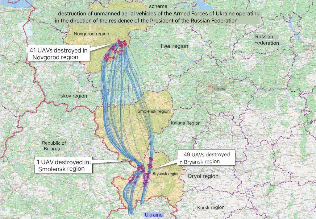 The aircraft are launched to the north from Chernigov and Sumy, in northern Ukraine. 49 are quickly shot down in Bryansk border region, one more in Smolensk. 41, finally, over Novgorod, where the specific site is strongly protected.
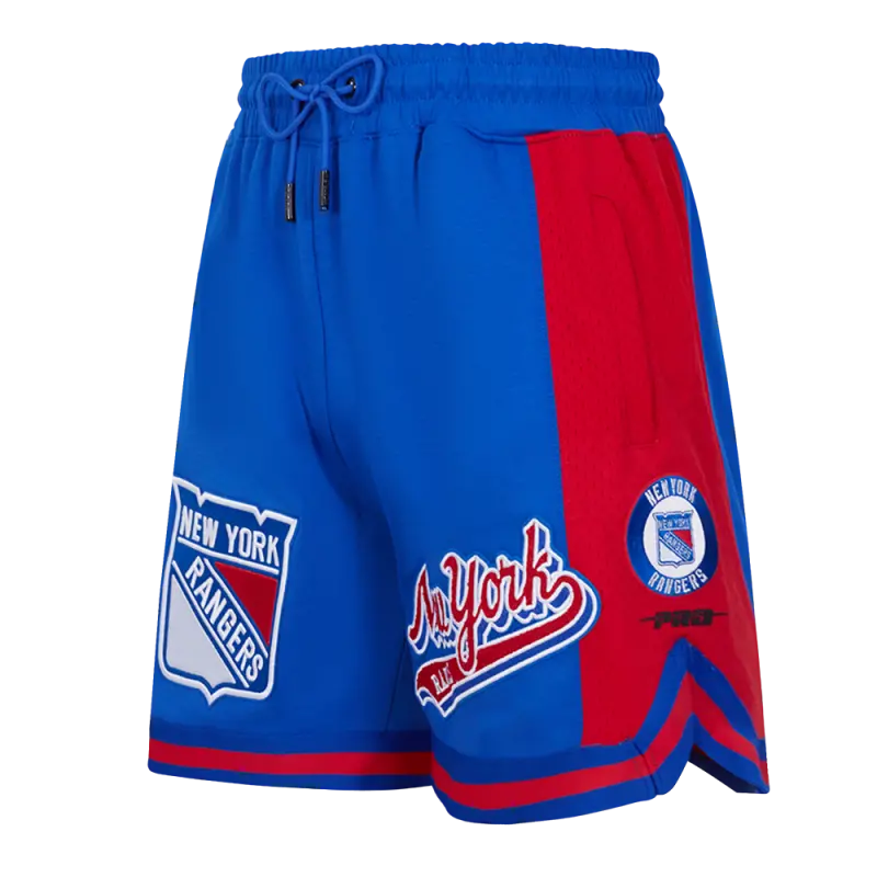 NHL NEW YORK RANGERS SCRIPT TAIL MEN’S DOUBLE KNIT 2.0 SHORT (ROYAL BLUE\/RED)
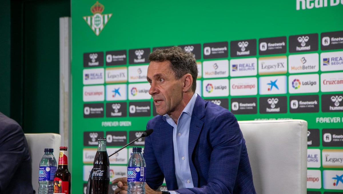 "Sabía que me íbais a preguntar por nombres, pero hoy tengo que hacer de central expeditivo", argumentaba entre bromas el nuevo director deportivo verdiblanco para justificar que diese el menor número de pistas posibles sobre la planificación de la 23/24
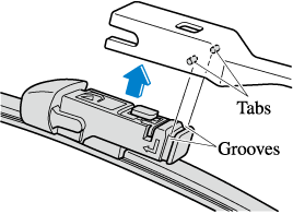 8. Align the wiper arm tabs with the blade component grooves.
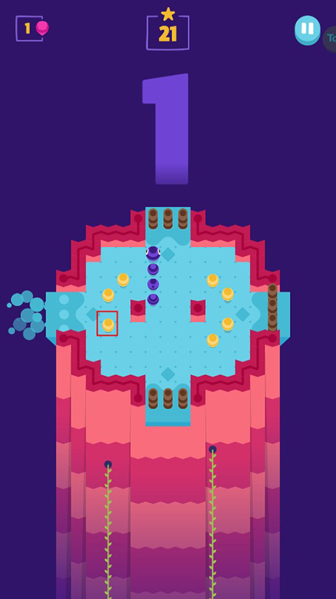 玩家可以去控制蛇不断向上攀爬,吞食闪闪发光的物体和升级道具。
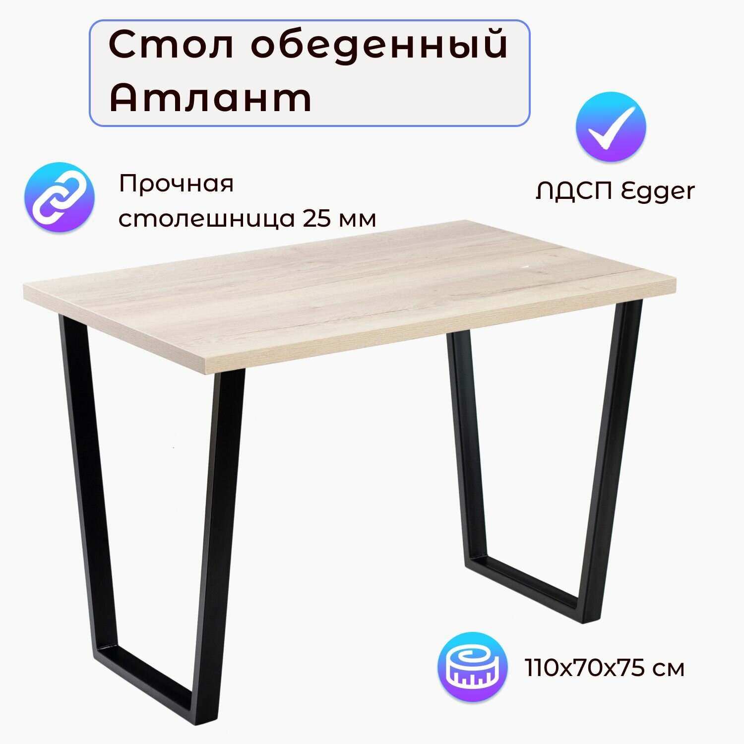 Стол кухонный обеденныйй атлант 08 EGGER: Дуб Небраска нераскладной в стиле лофт
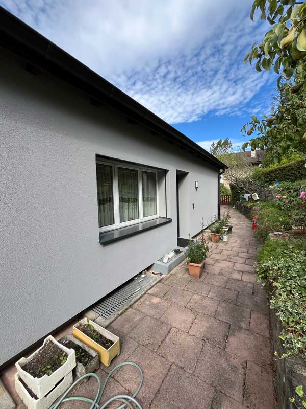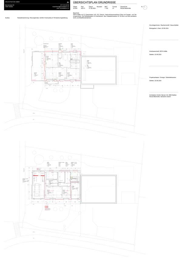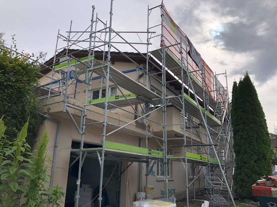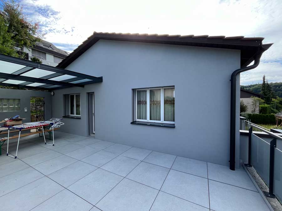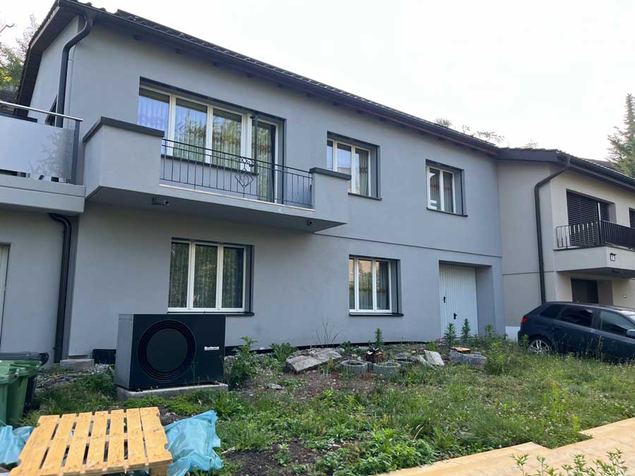 Auf Grund von einem Wasserschaden und überalteter Haustechnik haben sich die Eigentümer entschieden das Gebäude zu ertüchtigen. Es handelt sich um eine Doppeleinfamilienhaus-Hälfte in Bremgarten bei Bern. Das Gebäude ist am Hang gebaut und verfügt über ein Sockelgeschoss, ein Erdgeschoss und ein unbeheizten Erstich. Der Aussenraum ist auf verschiedenen Ebenen rund um das Haus angesiedelt und bietet viel Potential. Die Gebäudehülle wurde bis auf die Fenster und den Boden im Sockelgeschoss komplett erneuert und isoliert. Die gesamte Haustechnik wurde ersetzt und erneuert, so auch die gesamten Elektroleitungen. Die bestehende Öl-Heizung und der Öl-Tank wurden entfernt und durch eine Luft-Wasser-Wärmepume ersetzt. Das Gebäude erhielt eine PV-Aufdachanlage und ein neues Gartensitzplatz Vordach.

■ TASK DETAILS ■
Return nothing but the lines running from the start of the data to the line with "NHL NEW YORK", please, both ends included and no pictures.

■ SOLUTION TO THIS TASK ■
 The aircraft are launched to the north from Chernigov and Sumy, in northern Ukraine. 49 are quickly shot down in Bryansk border region, one more in Smolensk. 41, finally, over Novgorod, where the specific site is strongly protected.
 NHL NEW YORK RANGERS SCRIPT TAIL MEN’S DOUBLE KNIT 2.0 SHORT (ROYAL BLUE\/RED)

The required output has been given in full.